PROMPT:
In your copy of the entries below, keep every word exactly and leave out all images.

DATASET EXCERPTS:
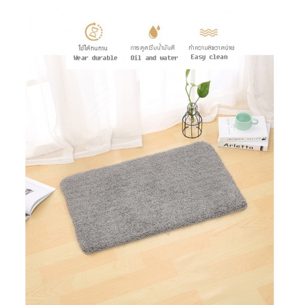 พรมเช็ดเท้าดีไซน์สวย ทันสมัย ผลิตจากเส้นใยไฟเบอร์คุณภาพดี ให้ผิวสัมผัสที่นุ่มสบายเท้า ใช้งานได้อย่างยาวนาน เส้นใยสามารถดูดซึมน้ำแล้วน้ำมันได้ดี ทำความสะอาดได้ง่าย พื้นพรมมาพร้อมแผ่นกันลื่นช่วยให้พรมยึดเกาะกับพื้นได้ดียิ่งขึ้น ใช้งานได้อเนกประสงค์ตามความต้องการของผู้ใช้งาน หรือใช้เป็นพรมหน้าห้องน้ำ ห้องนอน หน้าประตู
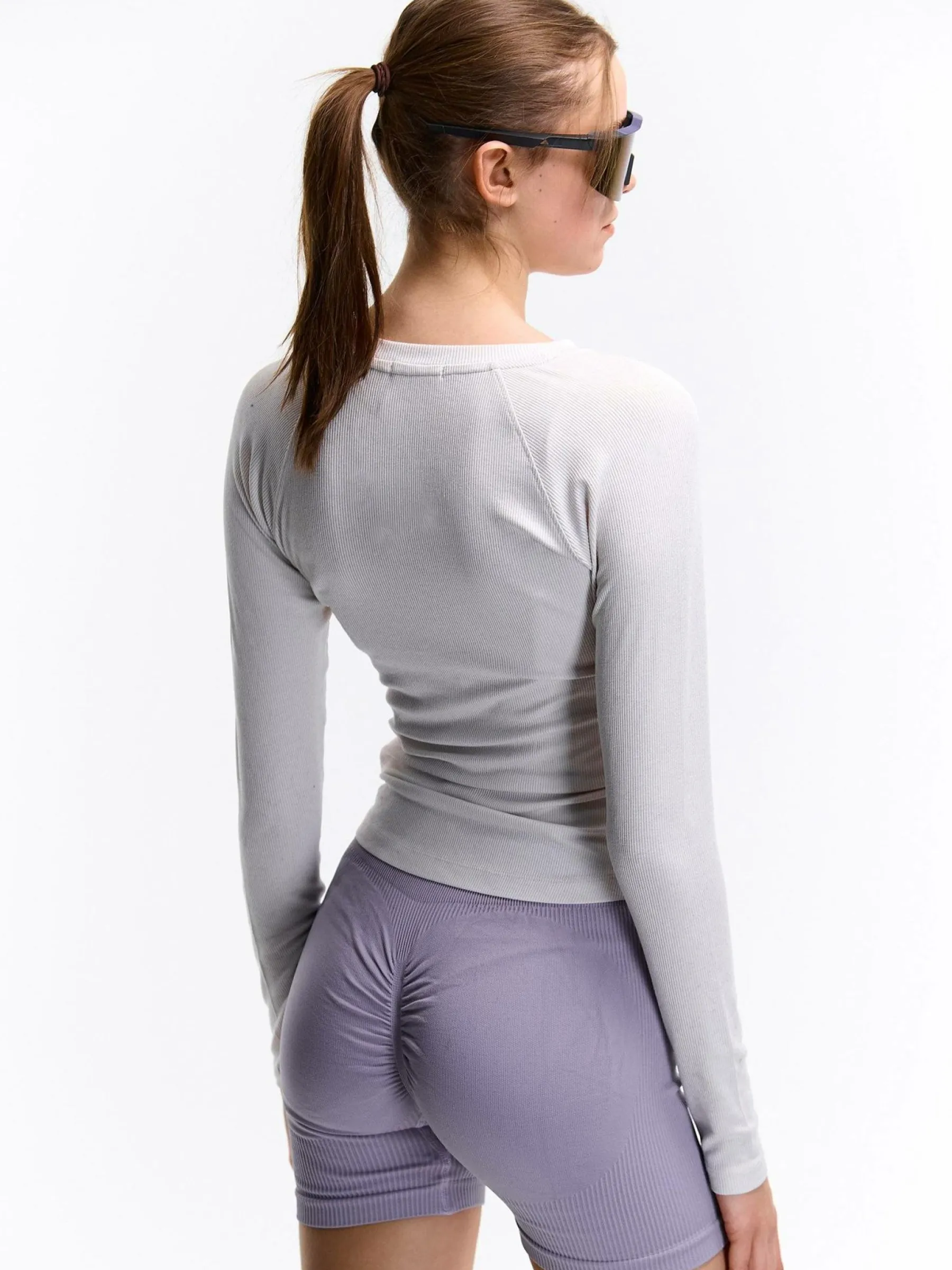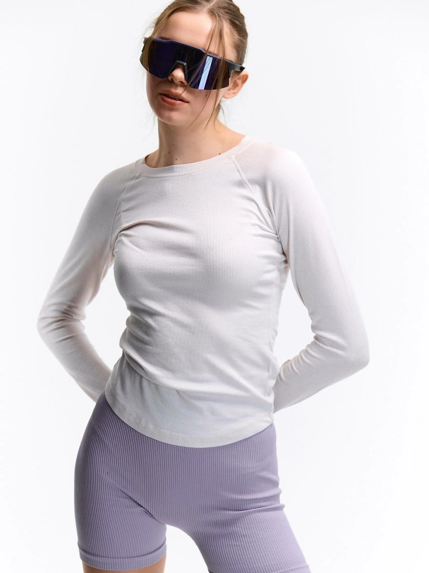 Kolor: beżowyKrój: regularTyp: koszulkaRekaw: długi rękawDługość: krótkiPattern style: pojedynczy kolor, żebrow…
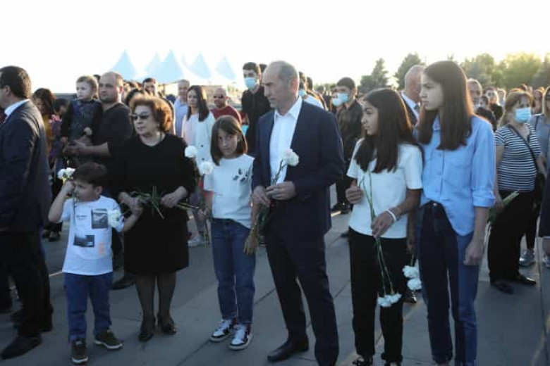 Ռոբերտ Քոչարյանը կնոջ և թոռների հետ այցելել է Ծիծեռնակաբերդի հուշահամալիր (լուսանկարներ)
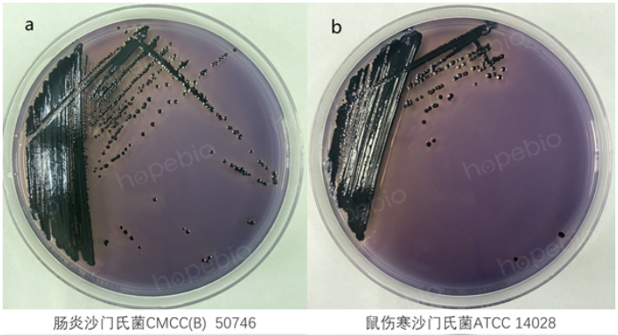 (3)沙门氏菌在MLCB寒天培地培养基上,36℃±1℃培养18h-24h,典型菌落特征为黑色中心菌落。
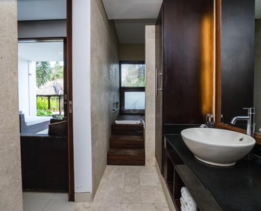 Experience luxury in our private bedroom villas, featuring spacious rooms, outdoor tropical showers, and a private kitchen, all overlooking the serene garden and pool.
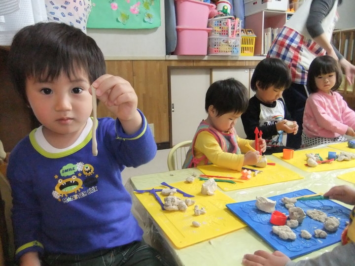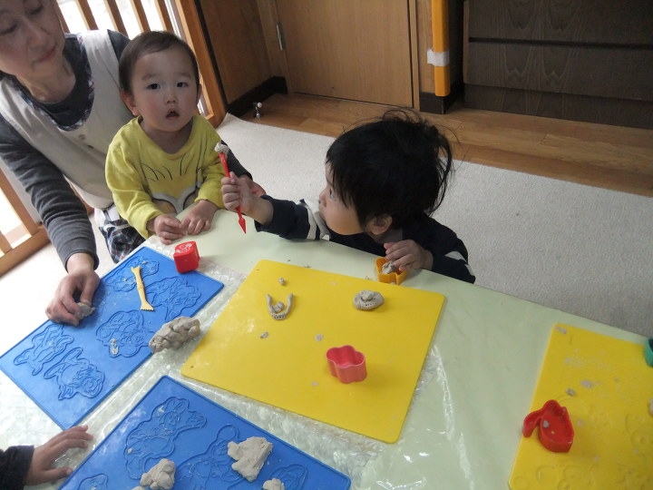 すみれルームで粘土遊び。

FINISHED EXERCISE:
 พรมเช็ดเท้าดีไซน์สวย ทันสมัย ผลิตจากเส้นใยไฟเบอร์คุณภาพดี ให้ผิวสัมผัสที่นุ่มสบายเท้า ใช้งานได้อย่างยาวนาน เส้นใยสามารถดูดซึมน้ำแล้วน้ำมันได้ดี ทำความสะอาดได้ง่าย พื้นพรมมาพร้อมแผ่นกันลื่นช่วยให้พรมยึดเกาะกับพื้นได้ดียิ่งขึ้น ใช้งานได้อเนกประสงค์ตามความต้องการของผู้ใช้งาน หรือใช้เป็นพรมหน้าห้องน้ำ ห้องนอน หน้าประตู
 Kolor: beżowyKrój: regularTyp: koszulkaRekaw: długi rękawDługość: krótkiPattern style: pojedynczy kolor, żebrow…
 Ռոբերտ Քոչարյանը կնոջ և թոռների հետ այցելել է Ծիծեռնակաբերդի հուշահամալիր (լուսանկարներ)
 (3)沙门氏菌在MLCB寒天培地培养基上,36℃±1℃培养18h-24h,典型菌落特征为黑色中心菌落。
 Experience luxury in our private bedroom villas, featuring spacious rooms, outdoor tropical showers, and a private kitchen, all overlooking the serene garden and pool.
 すみれルームで粘土遊び。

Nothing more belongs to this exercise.